In the digital age, it can be tempting to believe that where you live no longer matters in relation to what you buy. And it can be easy for non-local businesses to discount localized information. After all, it shouldn’t matter where you customers live because they can always buy your product online, right? And with online shopping continuing to expand its reach from clothing to electronics to paper towels, geographic relevance appears to be taking a backseat.
But where your customers live is still relevant to their purchasing habits, regardless of the size and location of your business; just look at Netflix for proof. The digital streaming giant has made headlines in recent years for its massive spending on original content, with the bill totaling more than $10 billion in a 12-month period. But its investment in original content has begun to pay off, especially as networks develop their own streaming platforms that could eventually control a bulk of the content that Netflix currently hosts.
How Netflix is utilizing geographic segmentation and coming out ahead
A study conducted by InMyArea in conjunction with Netflix tracked the most popular Netflix shows by state over time. In 2013, when Netflix released some of its first original shows, including “House of Cards” and “Orange is the New Black,” only 19.6 percent of states had a Netflix original show in the most-viewed slot. But by 2018, the most-watched show in 48 states (96.1 percent) was a Netflix original. That’s a remarkable number, considering that only 8 percent of the site’s content is original.
Netflix doesn’t have to lobby for viewers on a state-by-state basis, but by understanding customer behavior and viewing habits, it can more accurately cater to the dominant viewing culture in each state. For Netflix, geographic segmentation might actually be key to the platform’s success, and by understanding the variety of demographics in each state, the brand can better create shows that represent viewers’ reality.

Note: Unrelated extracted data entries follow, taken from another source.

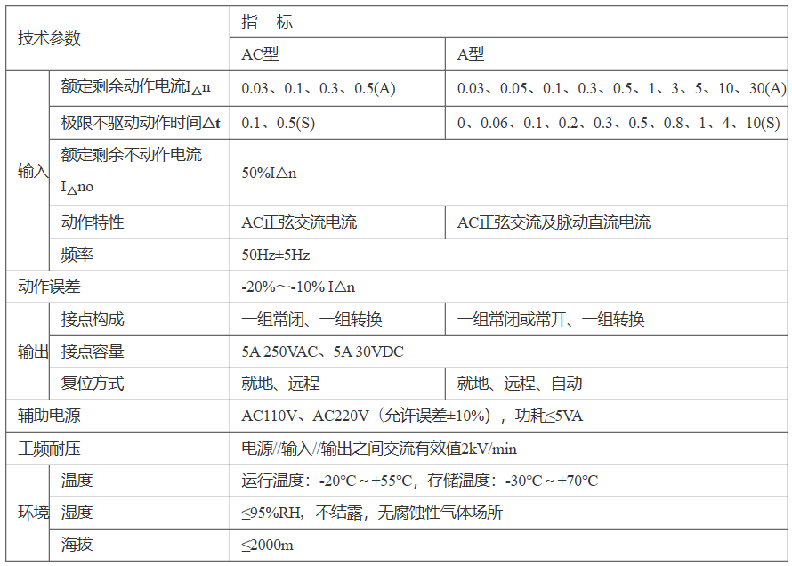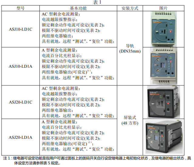 具体型号:ASJ20-LD1C 技术要求:额定剩余动作电流300mA;极限不驱动动作时间0.5s;上电工作时继电器输出1组常闭、1组转换。
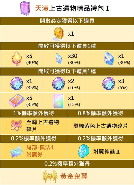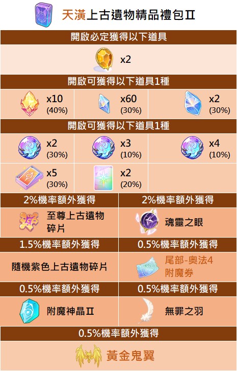 - 部分貴重獎勵,如飾品及坐騎不會額外彈窗提示,每次開啟禮包請玩家確認遊戲內系統顯示為主
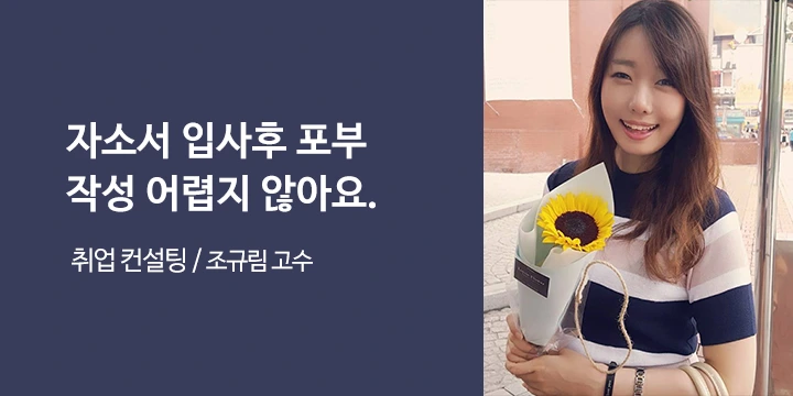 채용 공고 사이트에서 지원하려는 회사를 정했다면 회사에 대한 관심과 이해를 자소서에서 충분히 표현해야 한다. 회사의 상황과 맞춰 자신과 같은 인재를 뽑아야 하는 이유를 구체적인 근거를 통해서 설명해야 한다. 그리고 자신을 채용함으로 자신과 회사 둘 다 함께 성장할 수 있음을 드러내야 한다. 다양한 분야에서 활동하고 있는 취업 컨설팅 조규림 고수를 통해서 두 번째로 취업 자소서 항목 중 입사 후 포부 작성법을 알아보자.
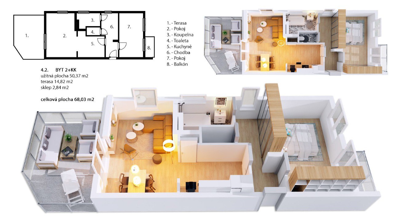 Každý byt je navržen tak, aby nabízel dostatek prostoru pro pohodlné a luxusní bydlení.
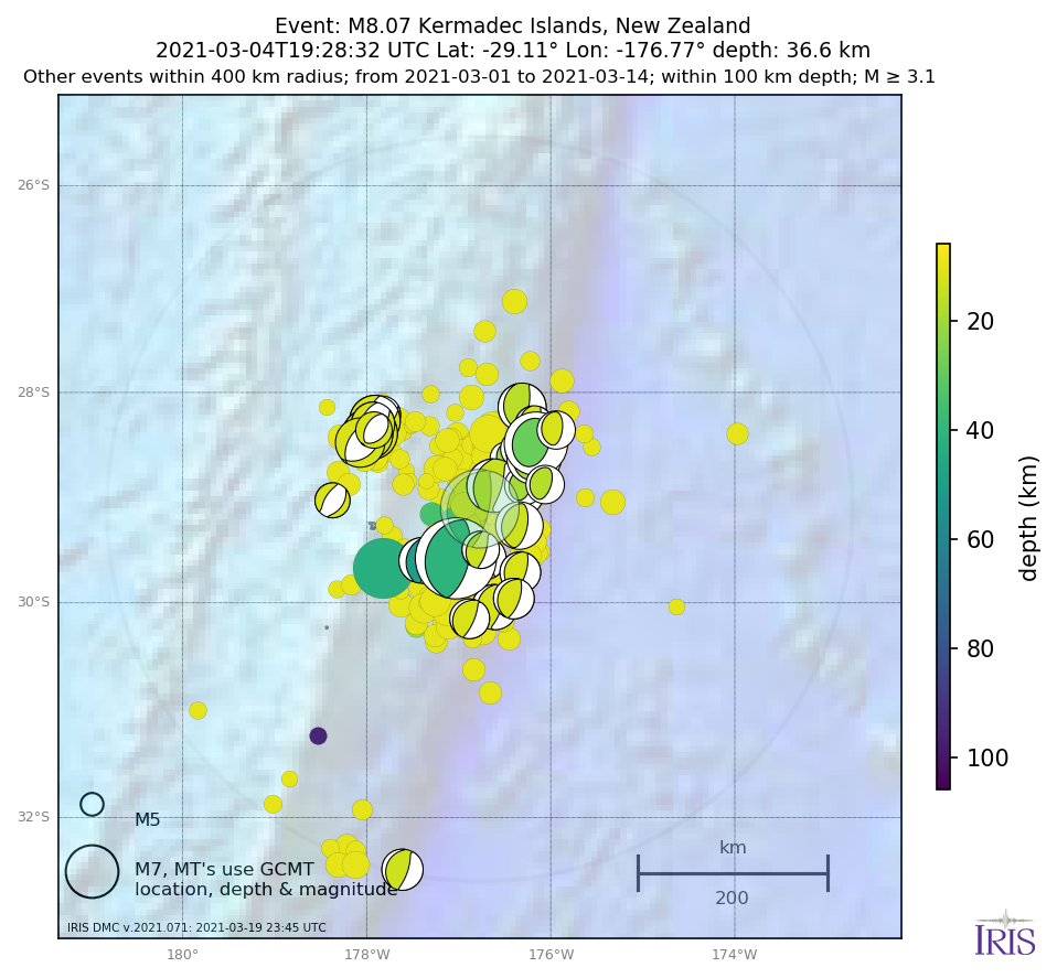 Aftershocks for mww 8.1 KERMADEC ISLANDS, NEW ZEALAND |
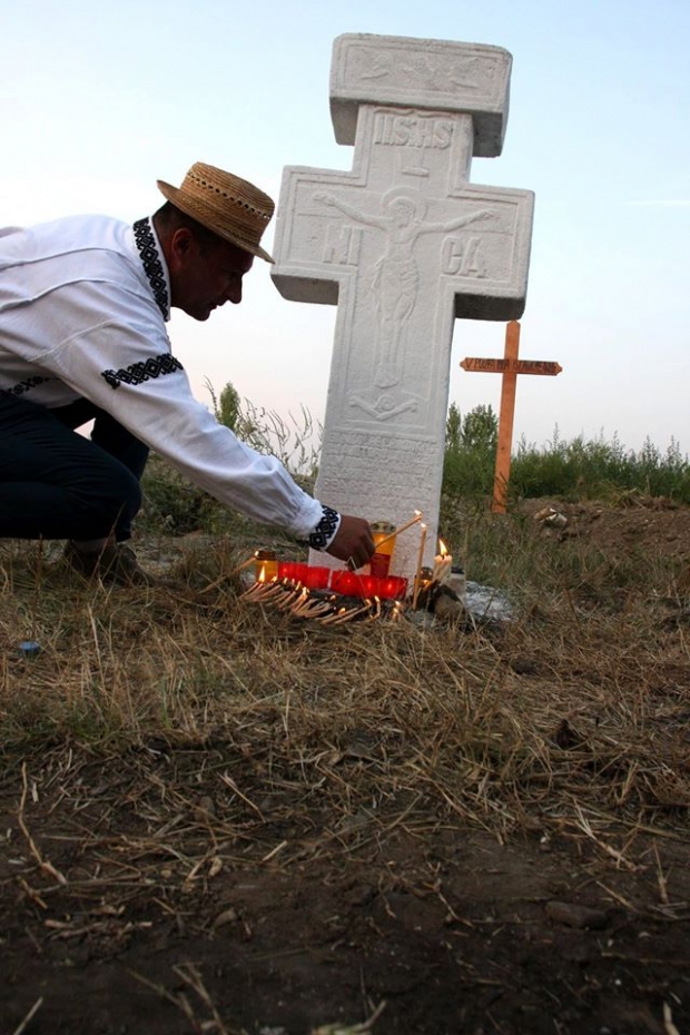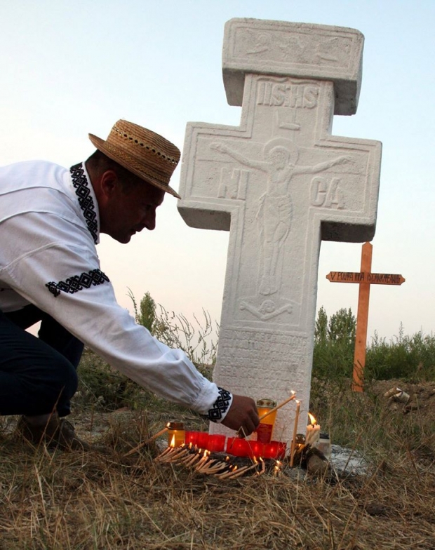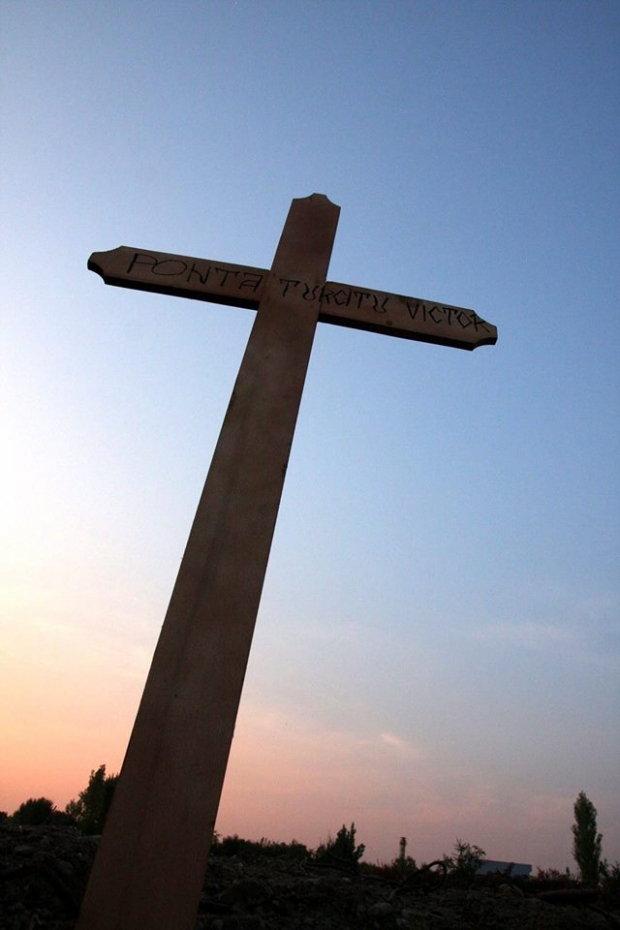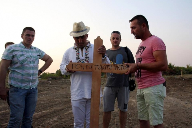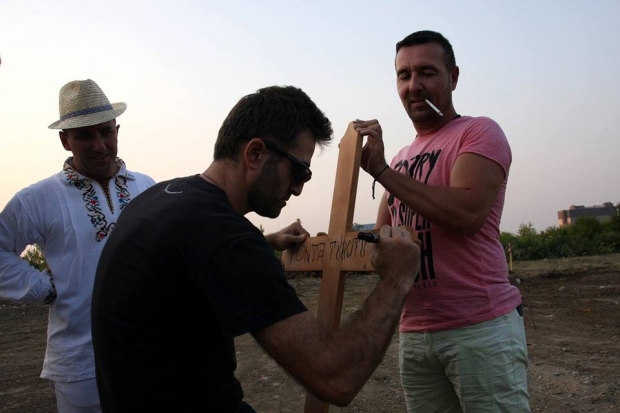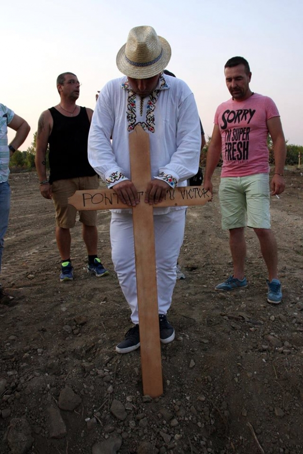 Cei doi bucureşteni, Cătălin Ioan Gornic şi Cătălin Berenghi au pus o cruce de peste 200 de ani vechime, adusă din Moldova, având 2,3 m şi 1,2 tone. Şi nu s-au oprit aici. Supăraţi că Ponta i-a solicitat, miercuri, secretarului de stat pentru Culte, Victor Opaschi, să depună plângere la Poliţie împotriva celor care au îngropat porci, aceştia i-au organizat lui Ponta o înmormântare tocmai pe terenul destinat lăcaşului de cult musulman.
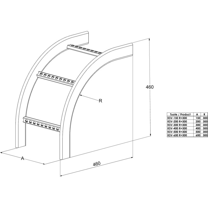 Łuk kablowy KSV-400 R=300 HDG jest dedykowany do drabinek kablowych typu KS20, KS60 oraz KS80. Dzięki promieniowi zgięcia wynoszącemu R=300 mm, pozwala na dostosowanie instalacji do specyficznych wymagań, co czyni go nieodzownym elementem w każdej nowoczesnej instalacji elektrycznej.

Why geographic segmentation remains vital to your industry
Geographic segmentation allows your company to adapt to the varying needs and wants of customers in different locations. Not all of your customers are the same; your marketing shouldn’t be, either. Keep these tips in mind:
1. Meet your customers where they are.
Your customers’ perspectives don’t remain the same over time, so what you offer shouldn’t stay static, either. Geographic segmentation can help businesses differentiate their strategies based on regional and cultural preferences. How we structure our days, what we eat, and even what our homes look like can be drastically different based on where we live. This is important for national and international companies to remember, especially if they’re opening a location in a new region or country.
Starbucks utilized this geographic specification when it expanded into China; it took the time to create products and an atmosphere that would feel like home for Chinese residents. The stores featured a variety of teas and regional foods that catered to the region’s existing tastes. Unlike the grab-and-go atmosphere in the U.S., coffee and tea shops in China aim to be a destination that offers a tranquility to the beverage connoisseur. That’s why the stores were larger than what a U.S. customer might be used to and offered more seating space.
2. Sell seasonally smart products.
Seasonal variations and weather can seriously impact customer behavior and need to be taken into account. Simple seasonal changes can be catastrophic for a company that isn’t utilizing geographic segmentation. What your customers wear throughout the year will change drastically based on where they live. It’s why clothing and apparel companies still utilize geographic segmentation to target customers buying bikinis in California, while those living in New York might be searching for parkas.
Weather patterns can even affect the purchase price that customers are willing to pay for certain products. A Canadian study found that sunnier weather tended to increase both consumption levels and the price spent per item. Sunshine led to a willingness to pay more for items like green tea or gym memberships, while cloudy weather made consumers willing to spend more on products like tobacco, alcohol, and coffee.
3. Prioritize the agility of your business strategy.
Getting to know your customers on a geographic level can also ensure that your business strategy maintains its agility. Predicting customers’ behavior and their response to specific products is necessary, but so is adapting what you’re selling to what they’re actually buying. It’s important to keep in mind that your customers’ engagement — and product excitement — is going to vary geographically.
Spanish fashion company Zara has integrated this engagement-focused strategy in its production process. The company prides itself on creating products that are in line with current fashion trends, which is made possible largely because of its constant and rapid production cycle. Zara designs and produces items in roughly monthly cycles that allow the company to continue producing what actually sells. This way, the brand isn’t locked into a strategy or products that were created prior to consumer and market feedback. Utilizing geographic segmentation can help ensure that your business keeps stocking what your customers are excited about — and redesigning what isn’t working.
Where customers live plays a big role in what they buy — and smart brands will take that into account as they develop offerings. While online platforms make it possible to buy anything from anywhere, that doesn’t mean people will. Geographic segmentation is still valuable in helping your company pinpoint what will get individual customers to pull the trigger.